As is known for those in the art, the term mass spectral library means the same as mass spectral database, regardless of the types of compounds involved, whether they are small molecules such as pesticides or large biomolecules such as proteins or peptides.

Although the description above contains many specifics, these should not be construed as limiting the scope of the invention but as merely providing illustrations of some feasible embodiments of this invention.

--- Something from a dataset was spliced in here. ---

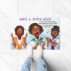 Um trio feminino afro-americano vestido de branco com faixas coloridas individuais canta louvores para as festas de fim de ano, fazendo um barulho alegre com as mãos, voz e instrumentação.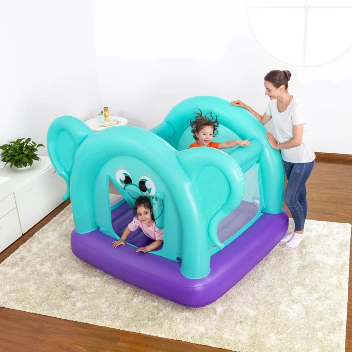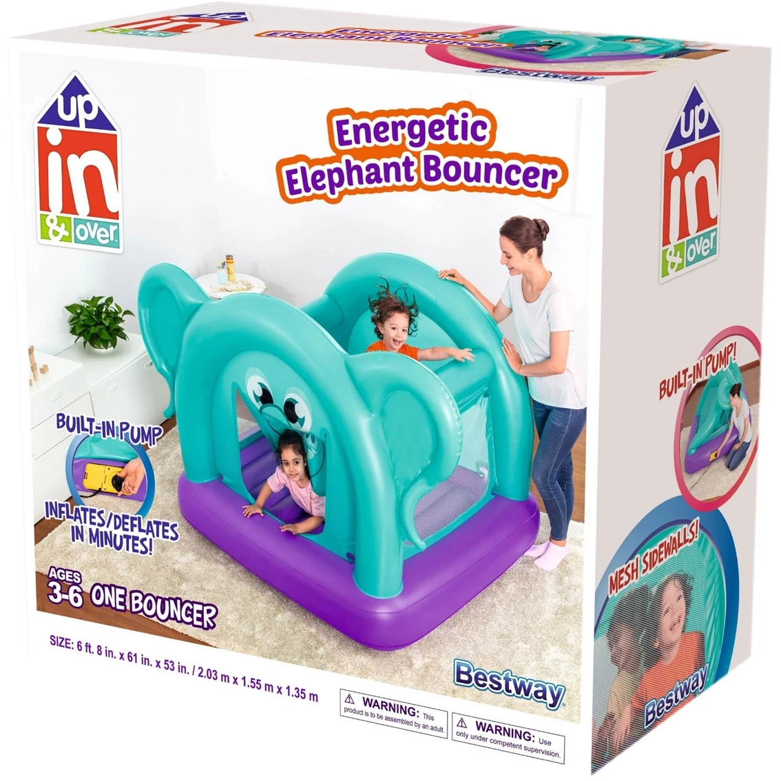 The Energetic Elephant Bouncer features mesh sidewalls, so you’ll be able to easily keep an eye on the kids as they bounce the day away. Plus, jump time will be extra fun as the elephant’s ears move with each bounce! Play time is just 3 minutes away with the Up In & Over Energetic Elephant Bouncer with Built-in Pump!

Thus, the scope of the disclosure should be determined by the appended claims and their legal equivalents, rather than by the examples given. Although the present disclosure has been described with reference to the embodiments described, it should be understood that it can be embodied in many alternate forms of embodiments. In addition, any suitable size, shape or type of elements or materials could be used. Accordingly, the present description is intended to embrace all such alternatives, modifications and variances which fall within the scope of the appended claims. It will be understood that the disclosure may be embodied in a computer readable non- transitory storage medium storing instructions of a computer program which when executed by a computer system results in performance of steps of the method described herein. Such storage media may include any of those mentioned in the description above.

The techniques described herein are exemplary and should not be construed as implying any particular limitation on the present disclosure. It should be understood that various alternatives, combinations and modifications could be devised by those skilled in the art. For example, steps associated with the processes described herein can be performed in any order, unless otherwise specified or dictated by the steps themselves. The present disclosure is intended to embrace all such alternatives, modifications and variances that fall within the scope of the appended claims.

The terms "comprises" or "comprising" are to be interpreted as specifying the presence of the stated features, integers, steps or components, but not precluding the presence of one or more other features, integers, steps or components or groups thereof.